§ DESCRIPTION OF THE TASK
Leave the pictures out and reproduce all the entries word for word.

§ DATA TO EXAMINE
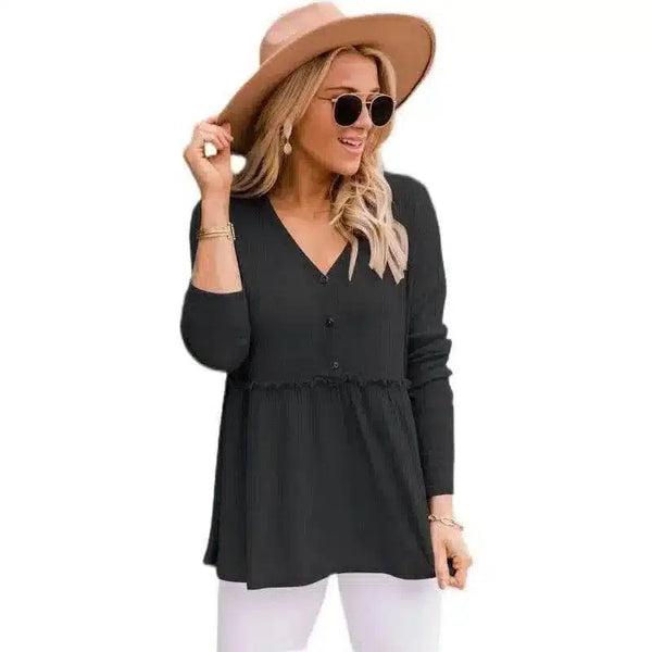 - フィット感: ウエストぺプラムのリラックスフィット その他の特徴:フロントボタンクロージャー
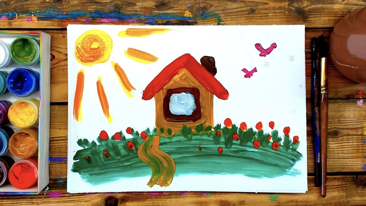 ![Домик красками для детей]()
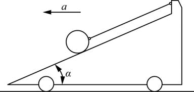 质量为m的小球,放在倾角为α的光滑面上,并用平行于斜面的软绳将小球固定在图示位置,如斜面与小球均以a的加速度向左运动,则小球受到斜面的约束力N应为( )。
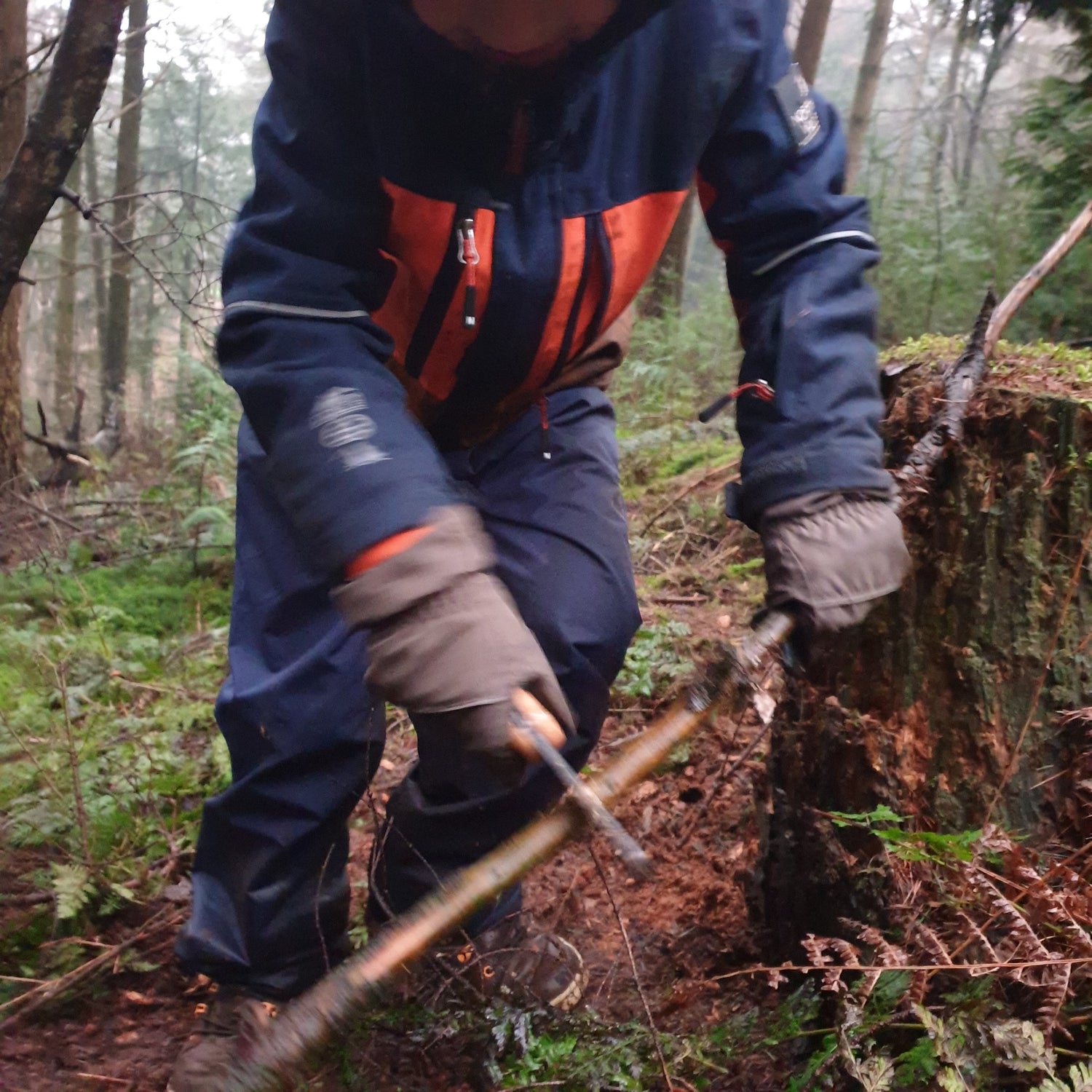 Die Säge macht das Durchtrennen von (toten) Ästen kinderleicht – und vor allem sicher! Sie ist leicht, liegt gut in der Hand und hat eine Klinge, die ordentlich Power hat, aber trotzdem kontrolliert bleibt. Damit können kleine Abenteurer:innen Holz für ihre Schnitzprojekte vorbereiten oder direkt größere Bauprojekte wie Unterschlüpfe oder Buden angehen.
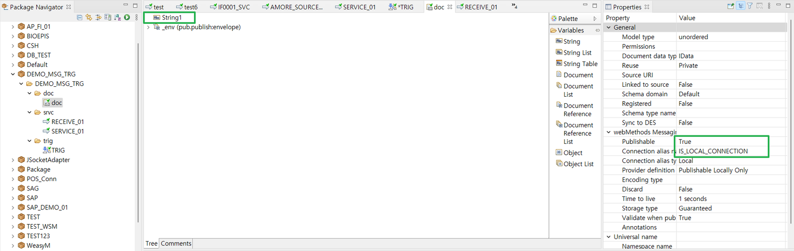 - documentTypeName : Publishable Document 의 Full Name ( 위 그림에서는 DEMO_MSG_TRG.doc:doc )
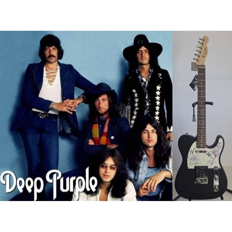 Deep Purple Ian Gillen , Richie Blackmore , Jon Lord , Ian Paice and Roger Glover Fender telecaster electric guitar signed with proof
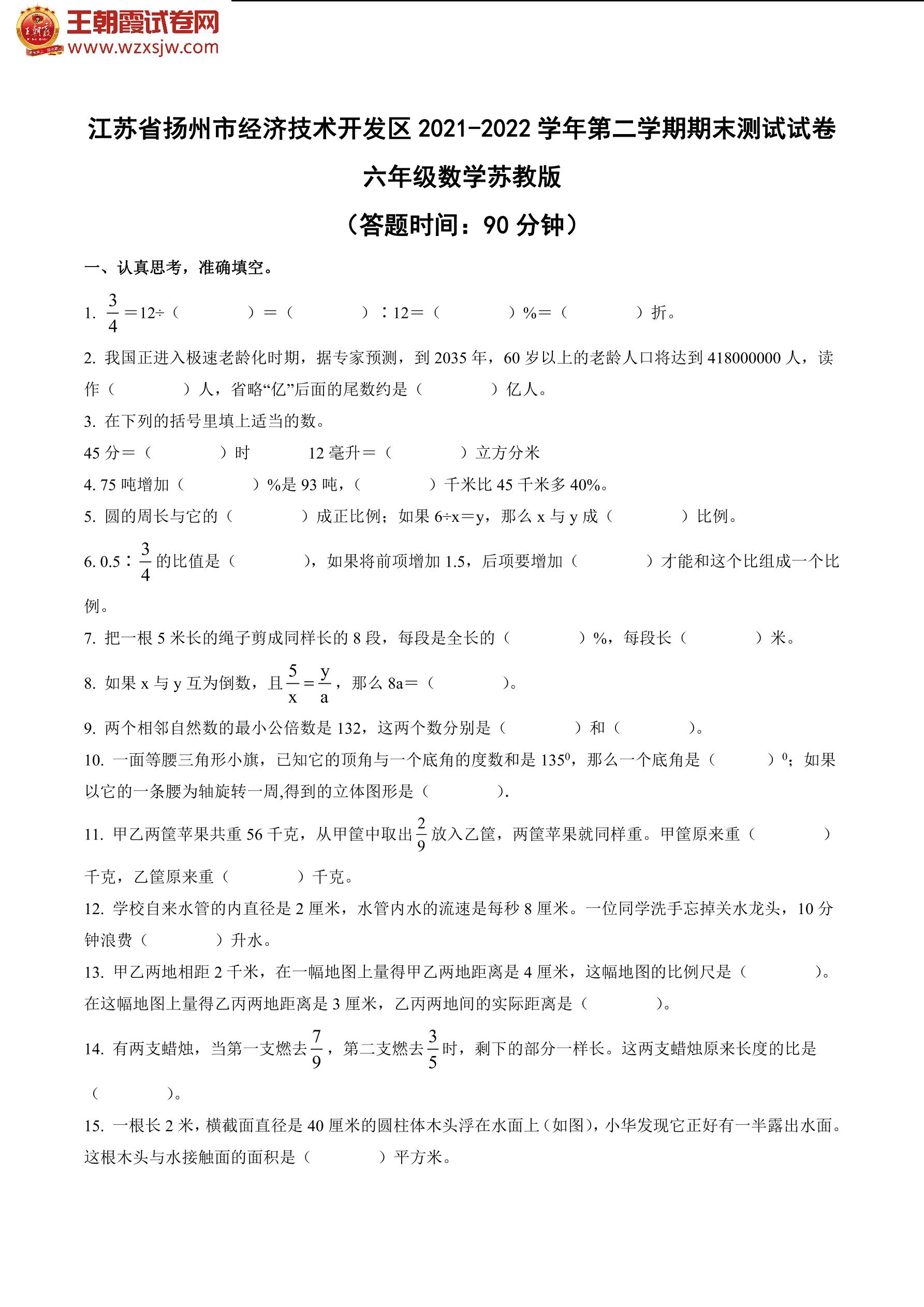 江苏省扬州市经济技术开发区2021-2022学年第二学期期末测试试卷六年级数学(苏教版)
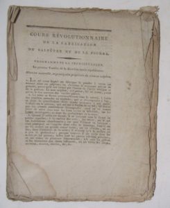 C'est à la hâte que la Convention avait organisé ces cours pratiques afin de former des dizaines de citoyens venus de la France entière aux procédés permettant de fabriquer la poudre de canon : c'est Berthollet qui s'occupa de la partie concernant la récolte du salpêtre, Fourcroy et Guyton de Morveau expliquant la genèse de la poudre.
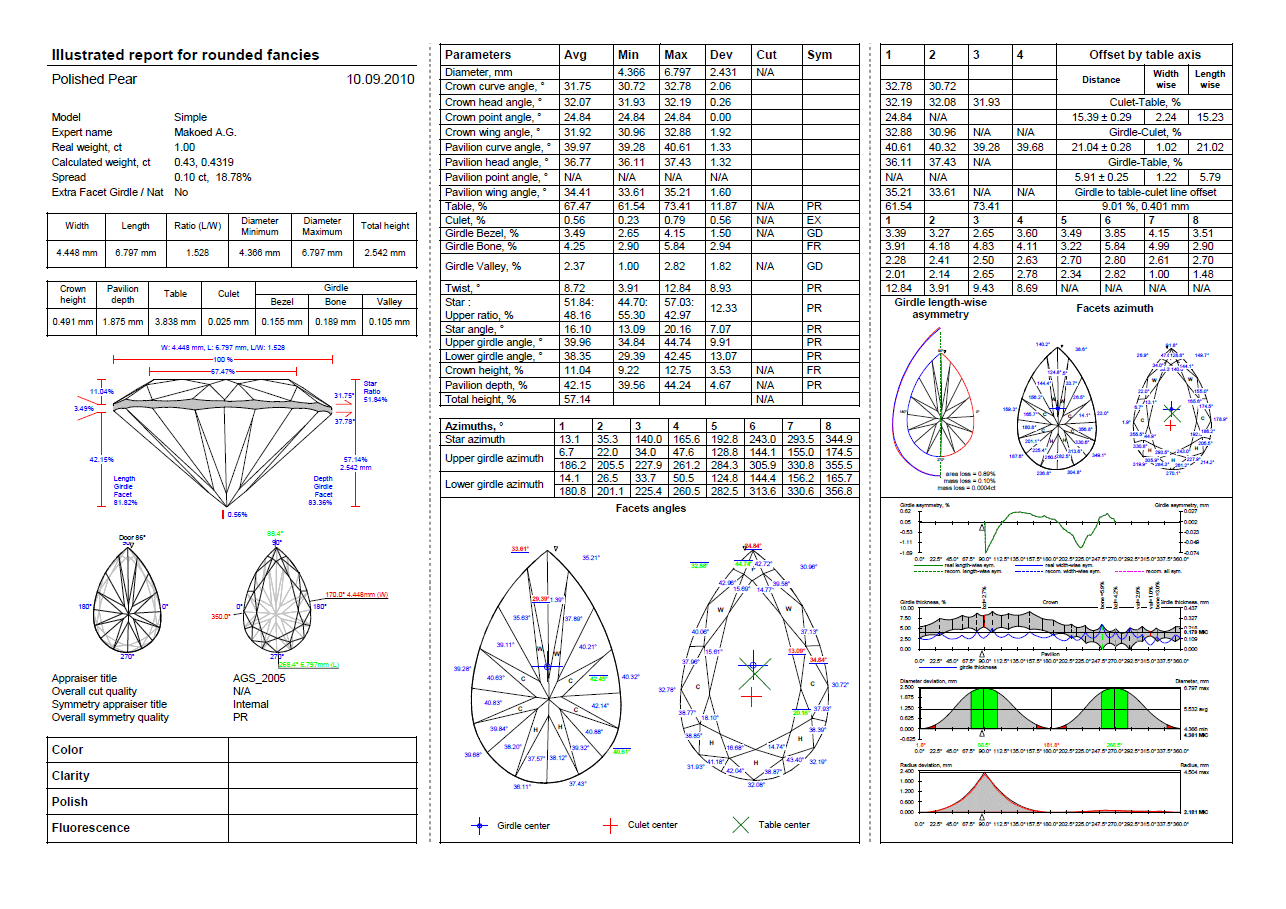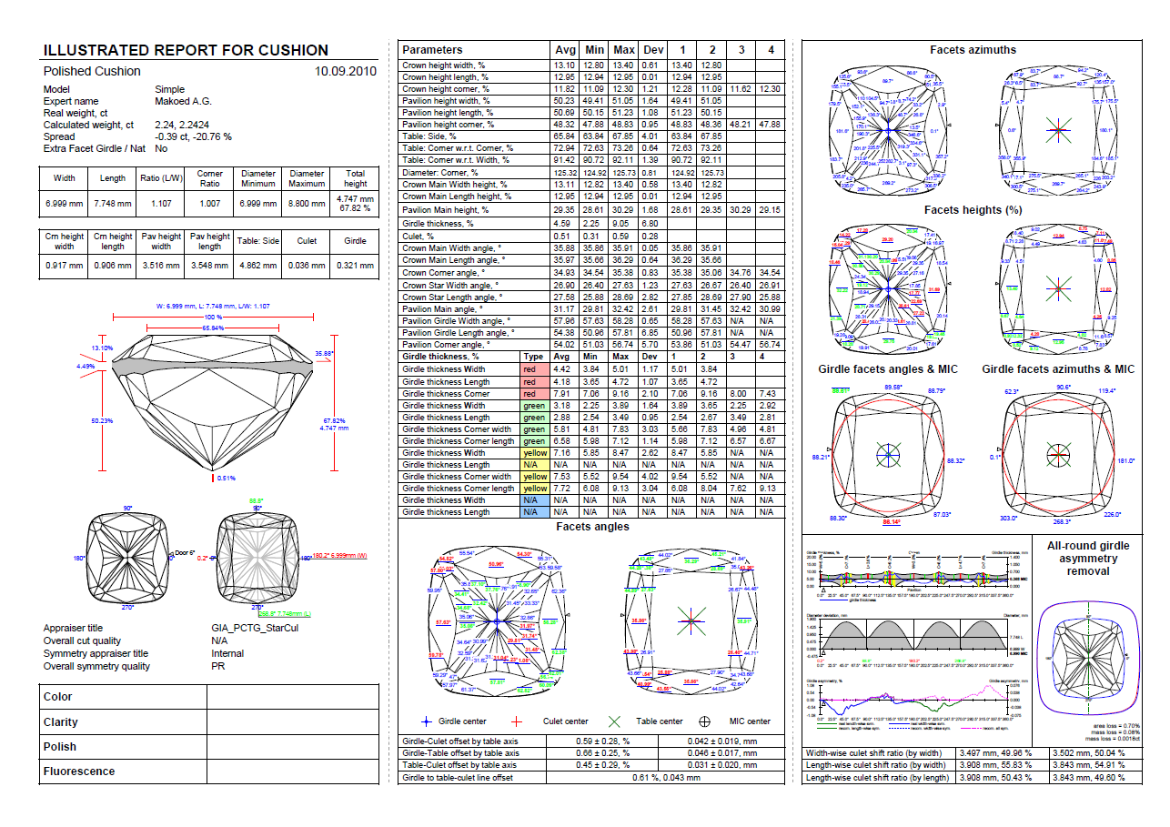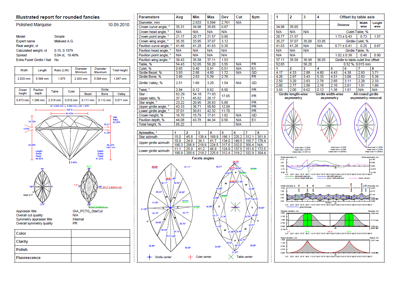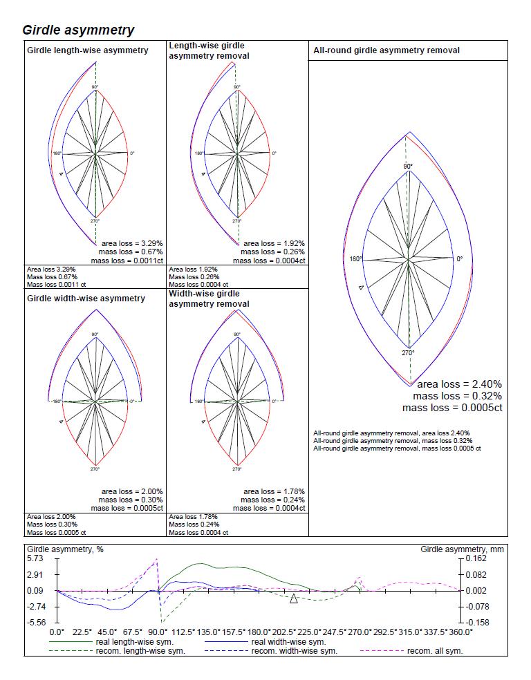 The special illustrated one page report for marquise and oval also contain pictures with real Girdle lenght-wise asymmetry, real Girdle width-wise asymmetry and recommendation for removing all round asymmetry.

§ ANSWER TO THE PROBLEM
 - フィット感: ウエストぺプラムのリラックスフィット その他の特徴:フロントボタンクロージャー
 ![Домик красками для детей]()
 质量为m的小球,放在倾角为α的光滑面上,并用平行于斜面的软绳将小球固定在图示位置,如斜面与小球均以a的加速度向左运动,则小球受到斜面的约束力N应为( )。
 Die Säge macht das Durchtrennen von (toten) Ästen kinderleicht – und vor allem sicher! Sie ist leicht, liegt gut in der Hand und hat eine Klinge, die ordentlich Power hat, aber trotzdem kontrolliert bleibt. Damit können kleine Abenteurer:innen Holz für ihre Schnitzprojekte vorbereiten oder direkt größere Bauprojekte wie Unterschlüpfe oder Buden angehen.
 - documentTypeName : Publishable Document 의 Full Name ( 위 그림에서는 DEMO_MSG_TRG.doc:doc )
 Deep Purple Ian Gillen , Richie Blackmore , Jon Lord , Ian Paice and Roger Glover Fender telecaster electric guitar signed with proof
 江苏省扬州市经济技术开发区2021-2022学年第二学期期末测试试卷六年级数学(苏教版)
 C'est à la hâte que la Convention avait organisé ces cours pratiques afin de former des dizaines de citoyens venus de la France entière aux procédés permettant de fabriquer la poudre de canon : c'est Berthollet qui s'occupa de la partie concernant la récolte du salpêtre, Fourcroy et Guyton de Morveau expliquant la genèse de la poudre.
 The special illustrated one page report for marquise and oval also contain pictures with real Girdle lenght-wise asymmetry, real Girdle width-wise asymmetry and recommendation for removing all round asymmetry.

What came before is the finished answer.